Внук сжалился и налил деду полпиалы лёгкого сухого вина. Тот с жадностью выпил и на некоторое время перестал икать. Затем икота навалилась на него с утроенной силой, так что его всего скручивало при каждом новом спазме. Наконец, двое суток не спавший и вконец измотанный, Тамерлан впал в беспамятство. Привели мавлоно Хибетуллу, который принялся читать над изголовьем умирающего Коран. В час, когда совершалась ночная молитва, измеритель вселенной вдруг очнулся и сказал:

— Нет бога…

— …кроме Аллаха, и Мухаммед — пророк его, — дополнил за Тамерлана мавлоно Хибетулла, поскольку Тамерлан тотчас же вновь впал в беспамятство. Страшная икота продолжала мучить его и в бессознательном состоянии, так что даже лекарь Фазлалла Тебризи, горестно покачивая головой, сказал:

— Вероятно, на сей раз и впрямь…

Хибетулла Убейда продолжал читать Коран всю ночь, и никто не заметил, когда именно прекратилась икота. Только вдруг Улугбек испуганно сказал:

— Постойте! А ведь он больше не икает!

Лекари бросились к измерителю вселенной. Сердце его не билось, он не дышал и весь оцепенел, будто мышцы его что-то скрутило. Приближалось время утренней молитвы 14 шаабана 807 года хиджры.

Никто не хотел верить в смерть человека, который уже не раз умирал. Правда, некоторые говорили: «Какой смысл? Ведь он уже проделал это перед походом». Но большинство требовало удостоверений кончины великого Султан-Джамшида.

Первой поверила биби-ханым. Подойдя в полдень к мёртвому мужу, она долго держала ладонь у него на лбу, затем молча ушла в свою комнату, из которой через какое-то время появилась с лицом, выкрашенным в чёрную траурную краску. Сев у изголовья Тамерлана, она стала плакать, время от времени дёргая себя за косы. Дилеольт-ага последовала её примеру только на следующий день. К полудню 16 шаабана по комнате, где лежал покойный, пополз лёгкий трупный запах, который стал быстро усиливаться, и к ночи невыносимая вонь стала растекаться уже по всему первому этажу дворца Бердибека. Тогда и кичик-ханым явилась к телу мужа с чёрным лицом, и все мгновенно отметили, что ей и это очень даже идёт.
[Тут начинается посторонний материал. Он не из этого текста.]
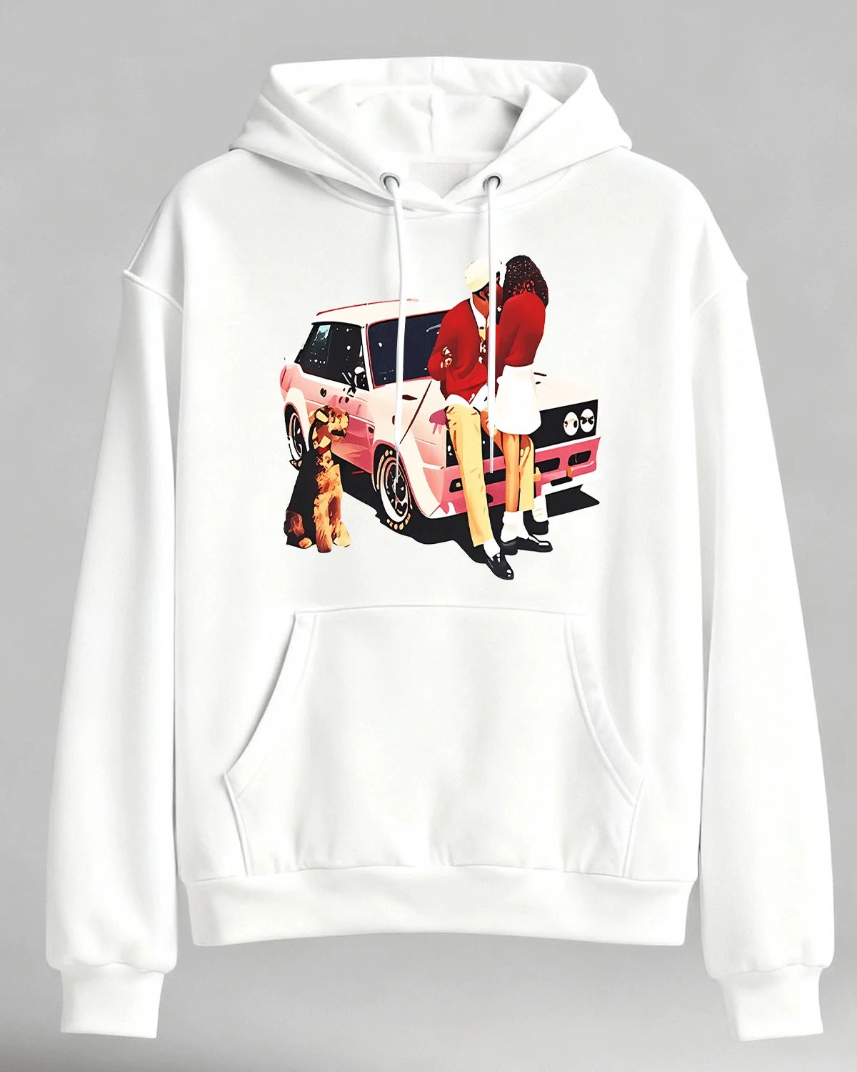 Couple Kissing by Retro Car with Dog Cozy Graphic Hoodie for Men and Women - Vintage Artistic, Long Sleeve, Soft Fabric, Comfortable Fit

В полночь лекарь Фазлалла Тебризи объявил всем, пришедшим к смертному одру «кроны чагатаев»:

— Великий Султан-Джамшид Тамерлан мёртв. Тело его уже начало разлагаться, и нам следует принять необходимые меры для его скорейшего перемещения в Самарканд и погребения.

Тотчас Шарафуддин Али Йезди написал в своей «Зафар-намэ»: «Сие печальное событие случилось в ночь среды 17 шаабана 807 года хиджры, который соответствует 14-му числу месяца исфендармуза 326 года эры Джелаладдина, когда солнце находилось в шестом градусе созвездья Рыб».

Обмыв покойного, его надушили благовониями, обтёрли розовой водой, камфарой и мускусом. Уложив тело в гроб, гроб поставили на носилки, украшенные жемчугом, бриллиантами, изумрудами и рубинами. И не успело наступить время новой утренней молитвы, как Ходжа-Юсуф поехал в Самарканд с этим печальным грузом, причём было оговорено всем сообщать, что это везут гроб с телом Чолпанмал-аги, которая якобы умерла от простуды, ибо весь Отрар знал, что одна из жён Тамерлана сильно застудилась в дороге.

Ходжу-Юсуфа сопровождали мирза Искендер, минбаши Джильберге, Улугбек и пятеро нукеров. Морозы ещё держались, но светило солнце, и ехать назад из Отрара в Самарканд было одно удовольствие, если бы не присутствие гроба с мёртвым телом. Время от времени крышку гроба снимали, дабы удостовериться, что труп разлагается и запах от него идёт невыносимый.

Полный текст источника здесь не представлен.